= Constant le Marchand de Lignery =

French military officer in New France

Constant le Marchand de Lignery, generally known as Lignery (baptized March 27, 1662, in Charentilly, near Tours, France - February 19, 1732, in Trois-Rivières, New France) was a French military officer in New France (Canada). He was twice commandant at Michilimackinac.

==Background==
Lignery was the son of Joseph le Marchand de Lignery and Marguerite Du Sillar. He began his military career in 1675 as a lieutenant in the Régiment d'Auvergne. In 1683, he transferred to the navy, serving as a midshipman at Rochefort. In 1687, he went to Canada as a lieutenant on half-pay. He was made a knight of the Order of Saint Louis in 1728.

He married Anne Robutel de La Noue, daughter of the seigneur de Île Saint-Paul, on November 10, 1691 in Montreal. They had seven sons and two daughters. The best known of these was François-Marie Le Marchand de Lignery, a captain in the colonial regular troops and knight of the Order of Saint-Louis. In the summer of 1759, this son was fatally wounded by the English in fighting near Fort Niagara.

==At Michilimackinac==
He fought in the Iroquois War, where his service was recognized by his superiors. In 1688, he was promoted to lieutenant, and in 1705 to captain. In 1712, at the beginning of a 25-year war between the French and the Foxes, Canadian Governor Philippe de Rigaud de Vaudreuil sent him to reoccupy the former post of Michilimackinac, which had been abandoned by royal orders in 1696.

==War against the Foxes==
A few years later, in 1715, acting Governor Claude de Ramezay placed him in command of a major expedition against the Foxes. He was ordered to assemble a force of coureurs de bois. and northern Indians and lead them to the Chicago portage. This force would join a second force, recruited among the Indians of the southern Great Lakes, and move together against the Foxes. However, due to a series of mishaps — the supply convoy from Montreal did not arrive on time and the French volunteers were unruly and hard to discipline — the southern contingent never assembled; neither did Lignery and his army reach the assembly point. On December 1, 1715, a Fox war party led by Pemoussa (He Who Walks) attacked the French expedition along the Chicago lakefront, driving the French and their Indian allies back toward Michigan.

Lignery returned to the command of Michilimackinac in 1722 after an absence of about three years. The Foxes were again at war with the French, attacking whites and natives in the Illinois country, a part of Louisiana. Louisiana, however, was a different colony from Canada, and Lignery and Vaudreuil adopted a policy of conciliation to preserve the peace in the west. In 1724, Lignery negotiated a treaty with the Foxes that ended their war on the Chippewas but allowed the war on the Illinois Indians to continue. Although Lignery denied it, officials in Louisiana and France felt that Vaudreuil and Lignery had sacrificed the southern colony to keep it from sharing in the western fur trade.

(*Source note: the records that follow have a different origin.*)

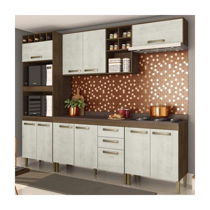 Cozinha Compacta 11 Portas 2 Gavetas Viena A1399 Casamia Dark/Snow
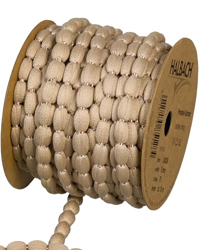Halbach Sidenband pompom kant | bredd 8 mm längd 15 m | Band med tofsar som pom ponsgirlang, bröllopsdekoration, trädgårdsfestdekoration | färg: beige
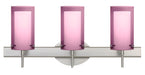 The Pahu is a distinctive double-glass pendant, with an inner opal cylinder centered within a transparent outer glass. Our Trans-Amethyst colored blown glass complements the soft white Opal cased glass, which can suit any classic or modern decor. Opal has a very tranquil glow that is pleasing in appearance, as the Trans-Amethyst glass sparkles with the accents from that glow. The smooth satin finish on the opalâ≢s outer layer is a result of an extensive etching process. This blown glass combination is handcrafted by a skilled artisan, utilizing century-old techniques passed down from generation to generation. The vanity fixture is equipped with decorative lamp holders, removable finials, linear rectangular housing, and a removable low profile oval canopy cover. These stylish and functional luminaries are offered in a beautiful Satin Nickel finish.
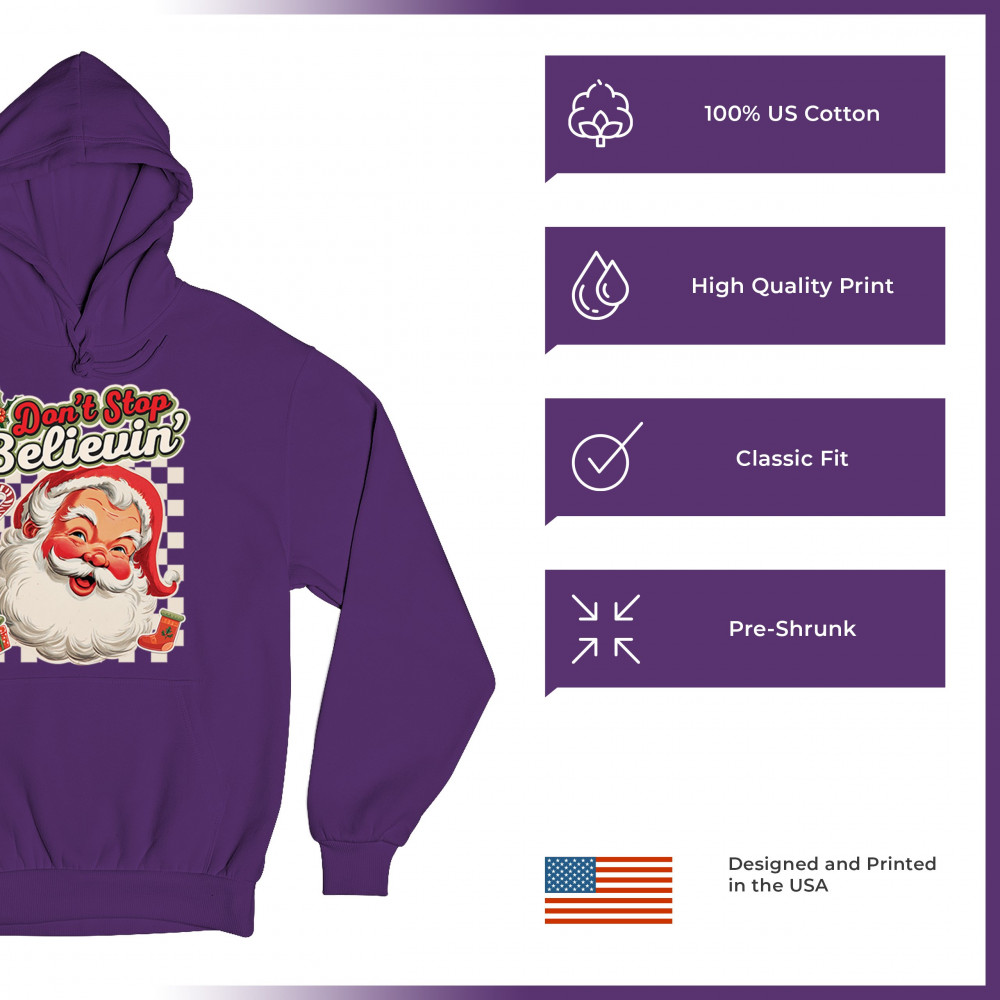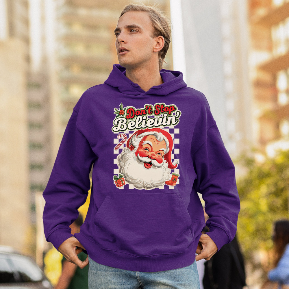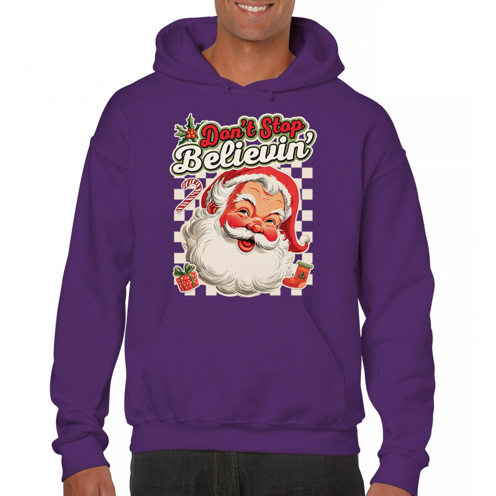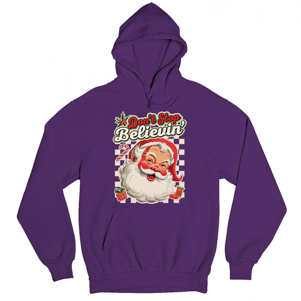 DON'T STOP BELIEVING SANTA CLAUS unisex hoodie merry christmas bells purple
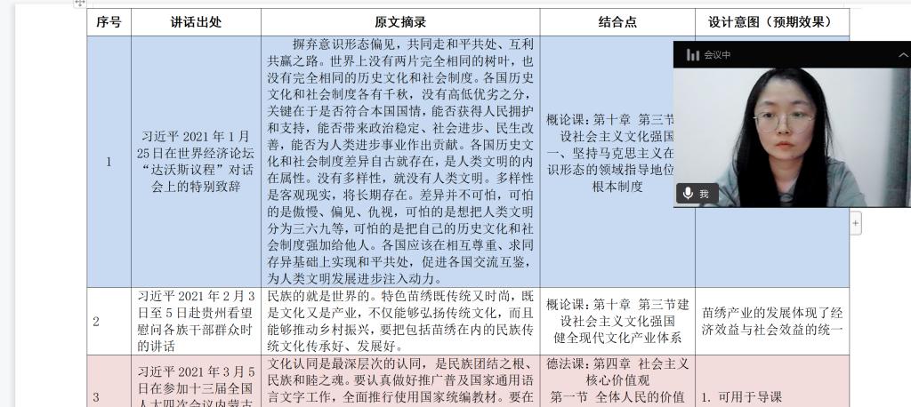 根据提前布置的备课方案,团队教师按照“经济、政治、文化、生态、社会、国防军事”等内容方向分别查找和梳理习近平总书记最新讲话、指示批示以及文章精神,结合该部分教学内容寻找融入点并进行相应的教学设计,形成初步的备课思路,为召开线上备课会集体研讨做好准备。
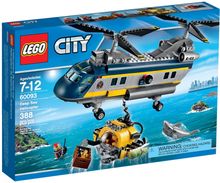 Emergency! The deep-sea explorers in their submarine are being attacked by a shark and need your help! Jump aboard the awesome Deep Sea Helicopter, spin the powerful twin rotors and thunder over the ocean at breakneck speed! When you reach the scene, lower the winch, hook up the submarine and head for the safety of land. It’s just another day for a LEGO® City helicopter hero! Includes 3 minifigures with assorted accessories: a submariner, pilot and a scuba diver.
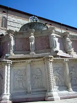 His last major commission was the Great Fountain at Perugia (1277–1278). The fountain with three superposed basins was designed by Fra Bevignate and Boninsegna. The fountain certainly shows the delicate hand of Nicolò Pisano, but most sculpting was executed by his son Giovanni Pisano and his assistants. By its richness in details and by its iconography, this last work shows a rapprochement to French Gothic art.
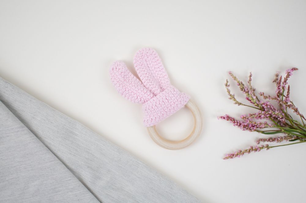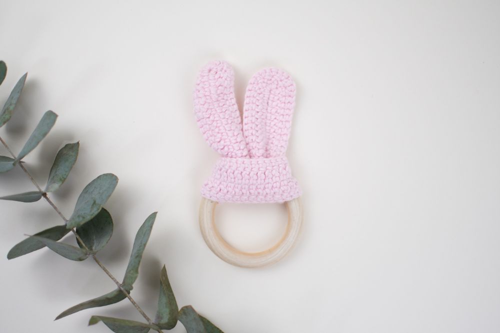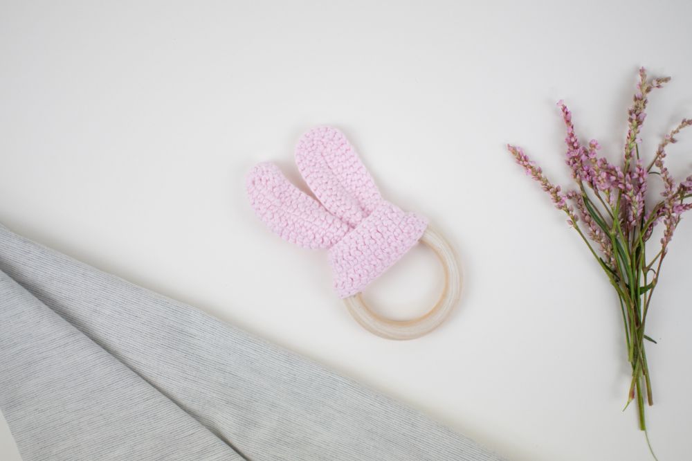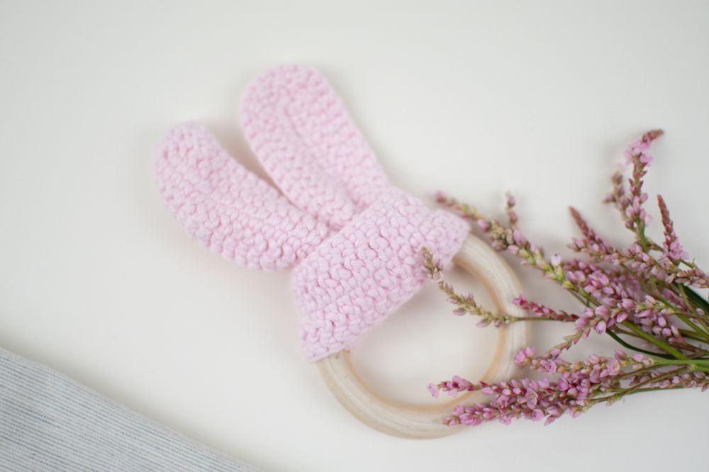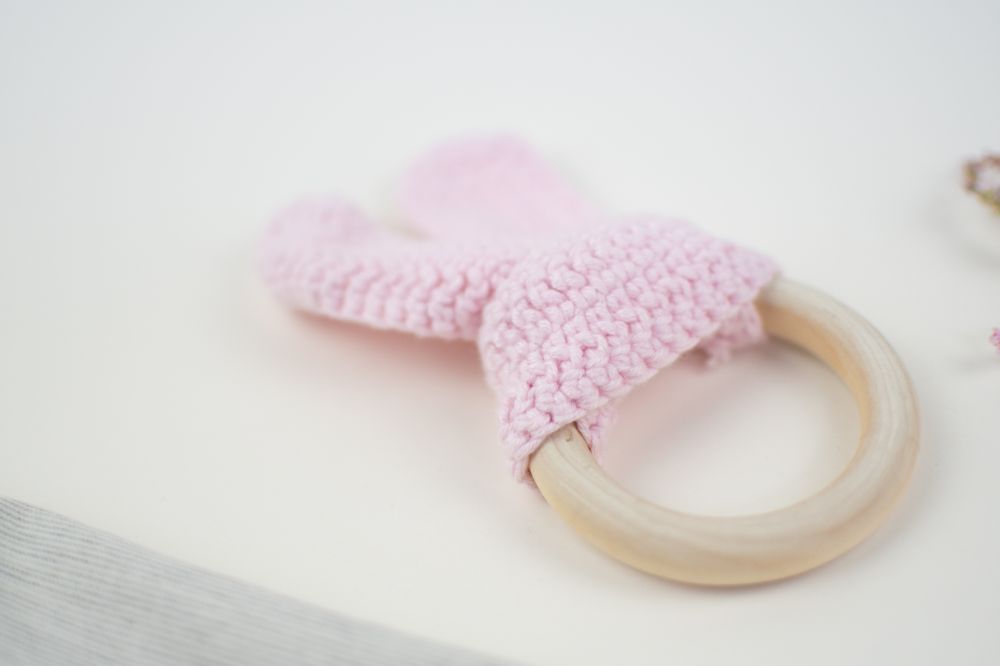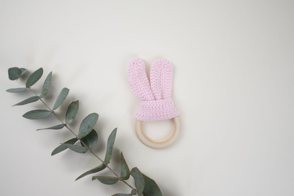 mordedera oreja crochet rosa bebe
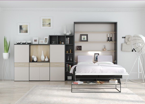 The NORDIK is a folding system (vertical or horizontal) with a sofa , for double beds , with different depths and mattress dimensions, which you can personalize by choosing both the finish tones of the furniture and the textile colors . In addition, it is a self-supporting piece of furniture so it is even suitable for plasterboard walls.

Two years later, acting Governor Charles Le Moyne de Longueuil sent Lignery back to Baie des Puants (Green Bay) to renegotiate the treaty. At a council on June 7, 1726 he was able to obtain a promise from the Foxes not to make war on any of the French allies.

==1728 expedition against the Foxes==
A new governor, Charles de la Boische, Marquis de Beauharnois, arrived in New France in 1726. In August 1728, he sent Lignery, recently promoted to major, in command of an army of 450 Frenchmen and 1,000 Indians against the Foxes. This was the largest force ever to advance so far into the interior, but it failed to secure a decisive engagement with the enemy. Lignery arrived at the fortified Fox village at the mouth of the Fox River on August 17. Here and elsewhere during the campaign, the Foxes fled to the west; the French could do no more than burn their villages and their crops. The expedition continued up the Fox River as far as the Wisconsin River portage before retracing their steps.

Governor Beauharnois blamed Lignery for the failure to defeat the Foxes. He made serious accusations against him in his report to the ministry, and Jean-Frédéric Phélypeaux, comte de Maurepas ordered him tried by a council of war. Lignery was accused of mismanaging supplies, of having been so slow in pursuit that the Foxes were able to make good their escape, of refusing to turn over command to his lieutenant in spite of having a debilitating illness, and of having abandoned large quantities of supplies at Michilimackinac on the return trip to Canada. After hearing witnesses and reviewing other evidence, the council of war unanimously dismissed the charges. Lignery died a short time later, in 1731 or 1732 (sources differ) in Trois-Rivières, where he had been named town major in 1728.